» PROVIDED INFORMATION
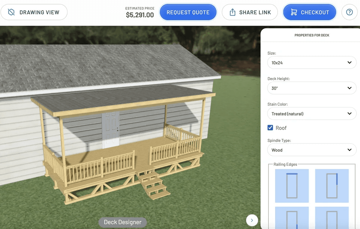 Put control in the hands of your customers and move your products faster by allowing them to design their deck, saving you time.
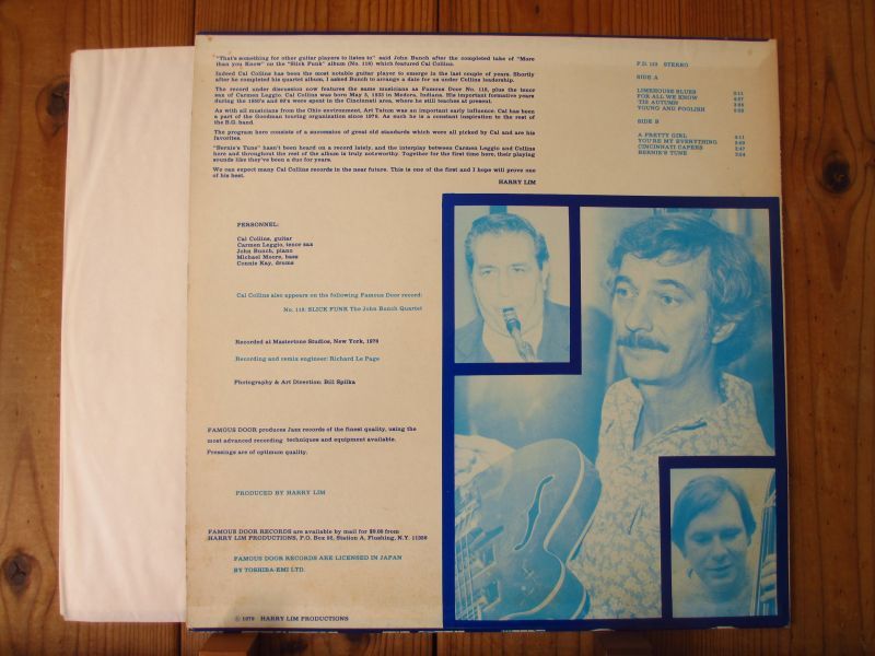 本作は、通好みのレーベル「Famous Door」に残した1978年作品。編成は、ギター、テナーサックス+ピアノトリオというクインテット編成。MJQでお馴染みのコニーケイ、ジョンバンチ、マイケルムーア等、名手がが揃い踏み。「Famous Door」というレーベル自体が、今だ未CD化も多く、本盤はカルコリンズの作品中、最も市場に出てこない一枚。
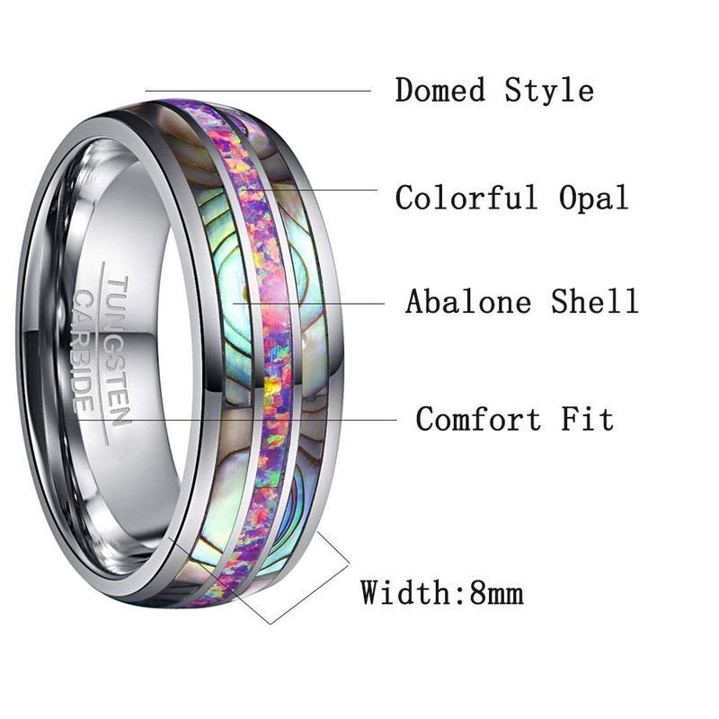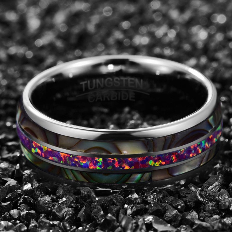 This purple fire Opal and abalone shell tungsten ring us absolutely a handicraft.This ring is for couples seeking a wedding band that's tasteful, unique, and timeless.
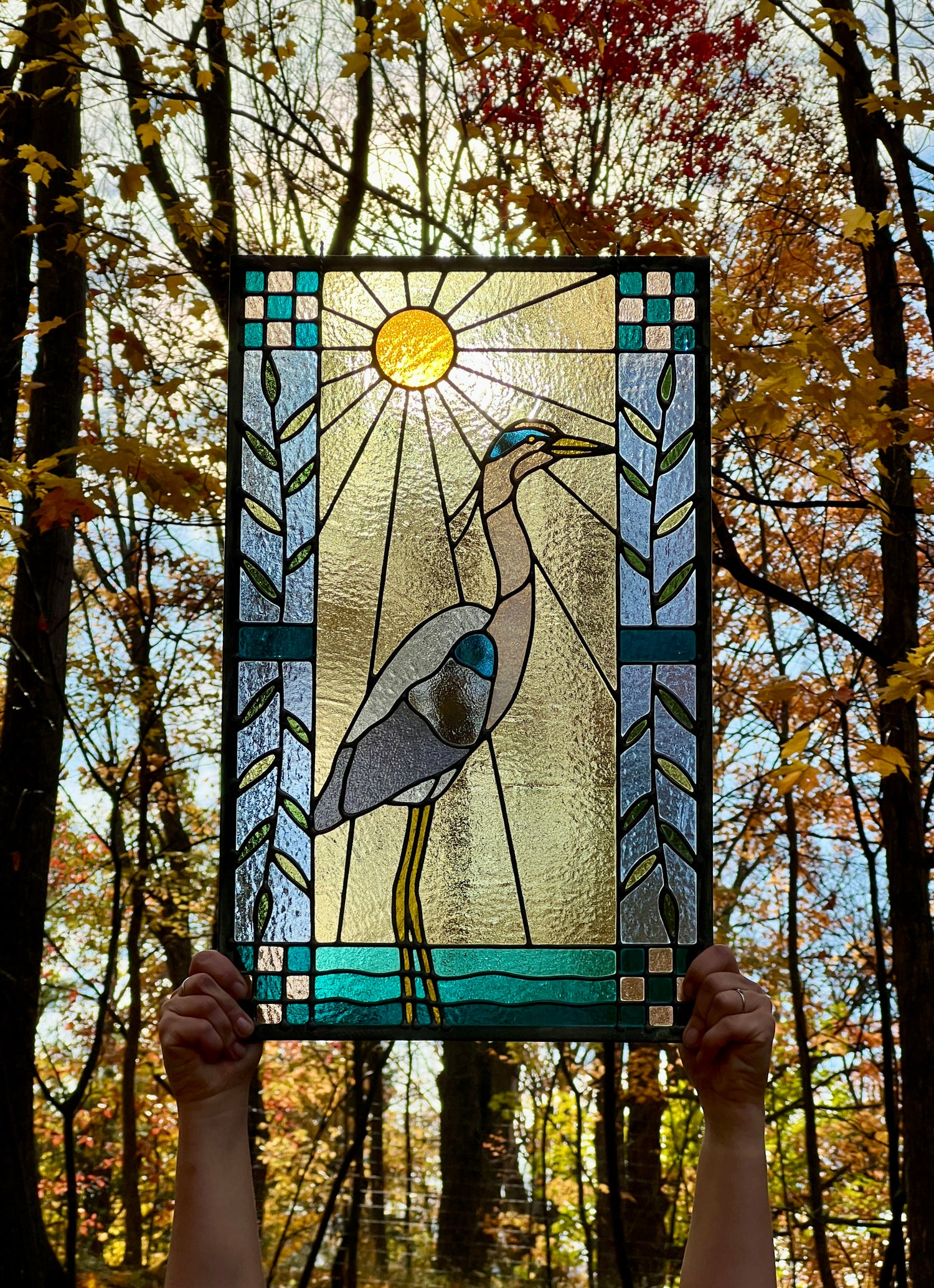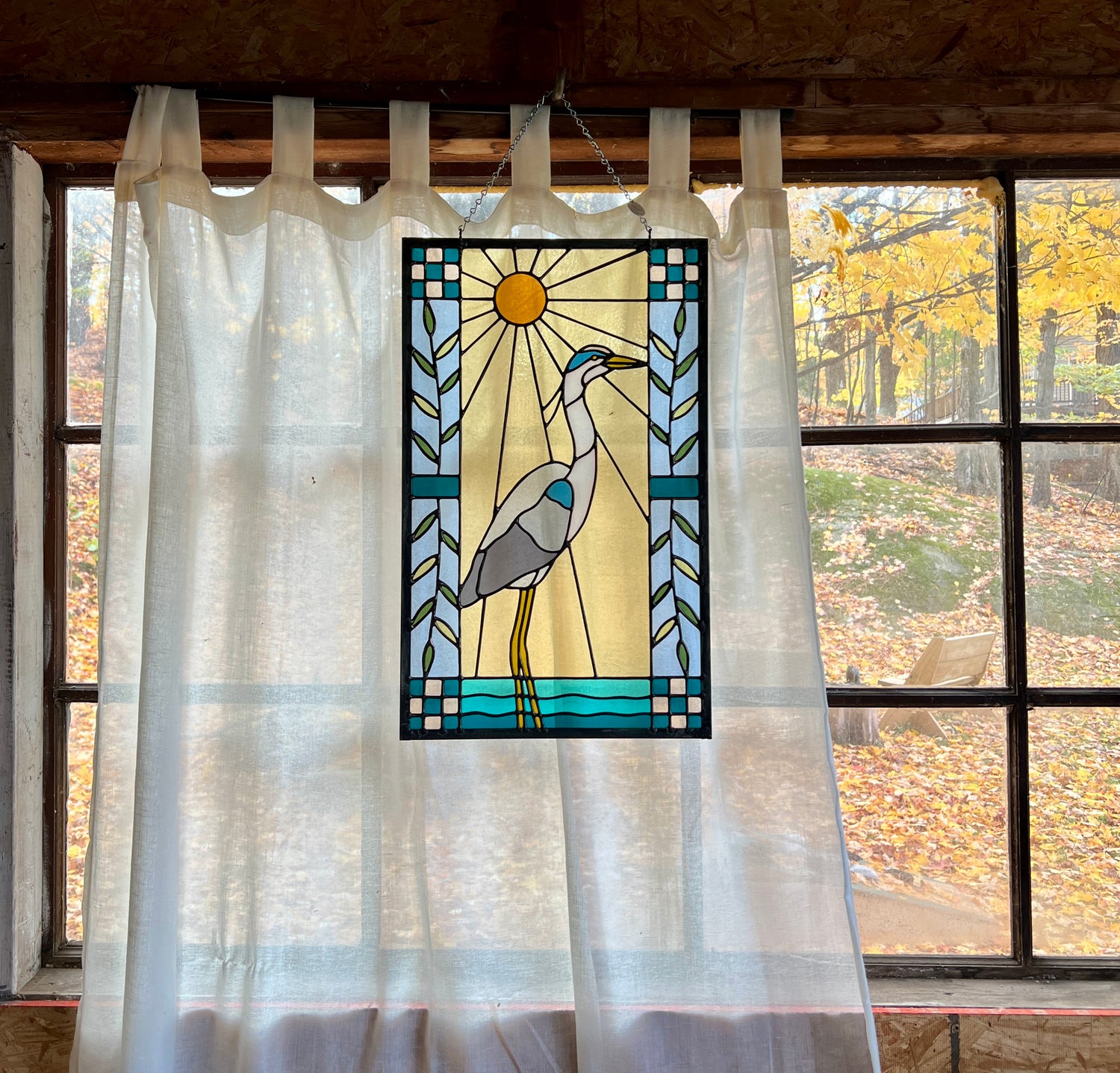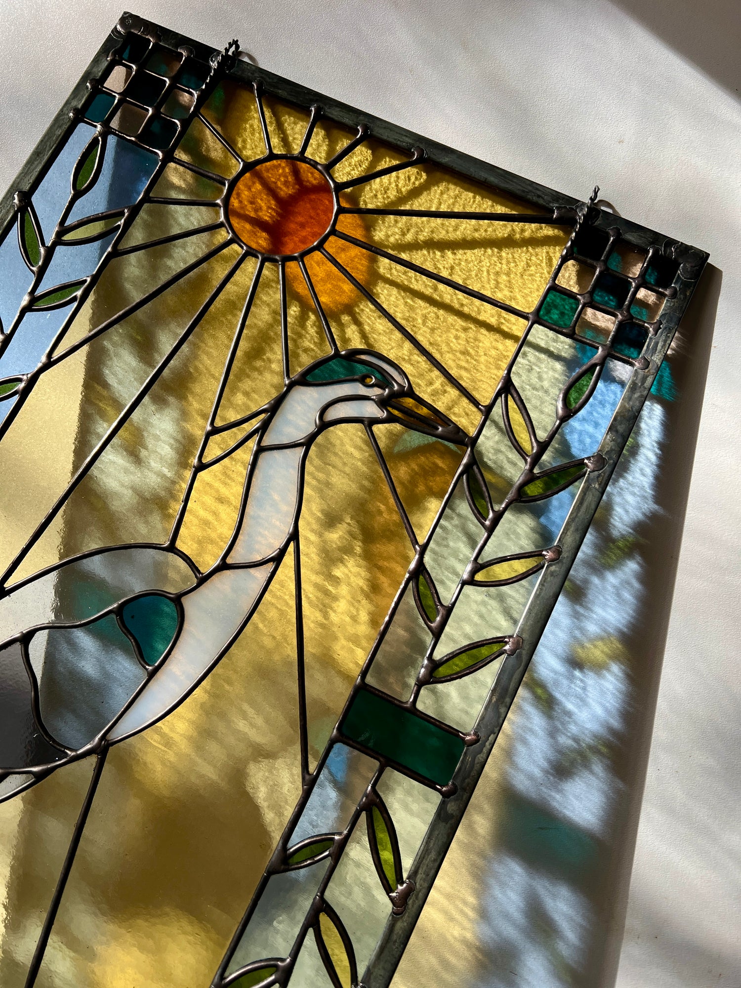 stained glass / lead tin solder / zinc came / black patina / zinc chain
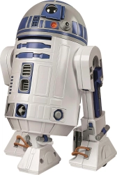 Le modèle est équipé de LED rouges et bleues, d’effets sonores authentiques de la saga et reproduit fidèlement le design iconique. La tête de R2-D2 pivote jusqu’à 180°, avec pièces mobiles et nombreux détails. L’application inclut en outre une galerie interactive qui montre les réactions de R2-D2 face aux personnages emblématiques de STAR WARS.
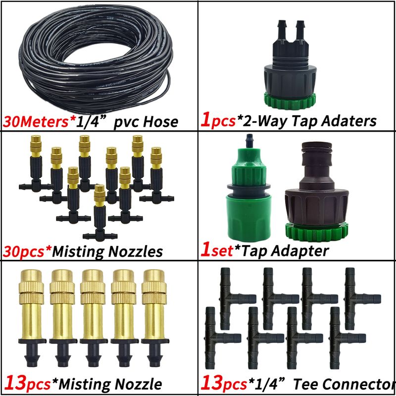 5M-30M Outdoor Misting Cooling System Garden Irrigation Watering 1/4'' Brass Atomizer Nozzles 4/7mm Hose for Patio Greenhouse
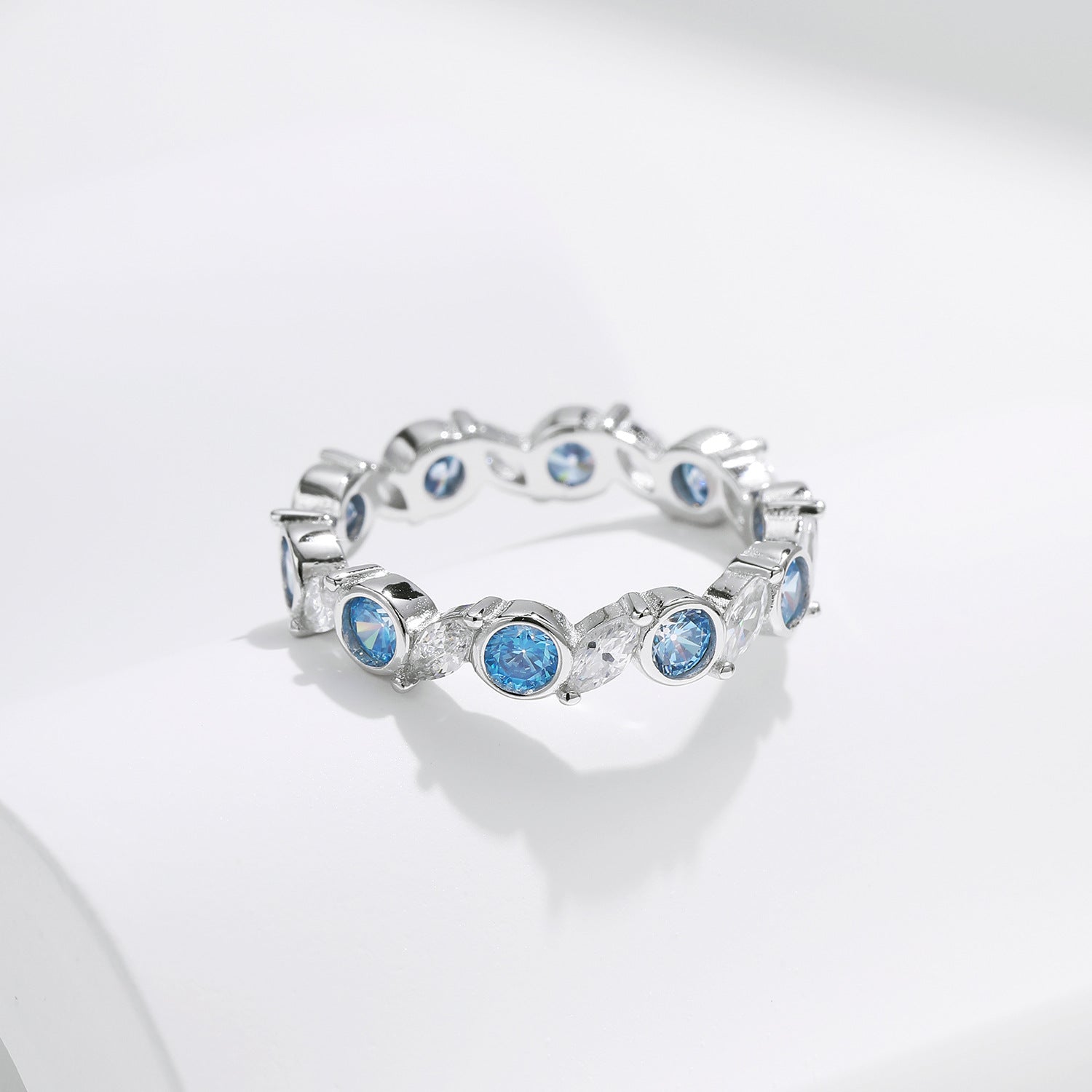 • Stunning Zircon Accents: Adorned with exquisite zircon gemstones, the imitation sea blue treasure row design adds a sophisticated pop of color.

» WORK INSTRUCTION
All of the data gets printed again exactly; the pictures do not.

» EXERCISE RESPONSE
 Put control in the hands of your customers and move your products faster by allowing them to design their deck, saving you time.
 本作は、通好みのレーベル「Famous Door」に残した1978年作品。編成は、ギター、テナーサックス+ピアノトリオというクインテット編成。MJQでお馴染みのコニーケイ、ジョンバンチ、マイケルムーア等、名手がが揃い踏み。「Famous Door」というレーベル自体が、今だ未CD化も多く、本盤はカルコリンズの作品中、最も市場に出てこない一枚。
 This purple fire Opal and abalone shell tungsten ring us absolutely a handicraft.This ring is for couples seeking a wedding band that's tasteful, unique, and timeless.
 stained glass / lead tin solder / zinc came / black patina / zinc chain
 Le modèle est équipé de LED rouges et bleues, d’effets sonores authentiques de la saga et reproduit fidèlement le design iconique. La tête de R2-D2 pivote jusqu’à 180°, avec pièces mobiles et nombreux détails. L’application inclut en outre une galerie interactive qui montre les réactions de R2-D2 face aux personnages emblématiques de STAR WARS.
 5M-30M Outdoor Misting Cooling System Garden Irrigation Watering 1/4'' Brass Atomizer Nozzles 4/7mm Hose for Patio Greenhouse
 • Stunning Zircon Accents: Adorned with exquisite zircon gemstones, the imitation sea blue treasure row design adds a sophisticated pop of color.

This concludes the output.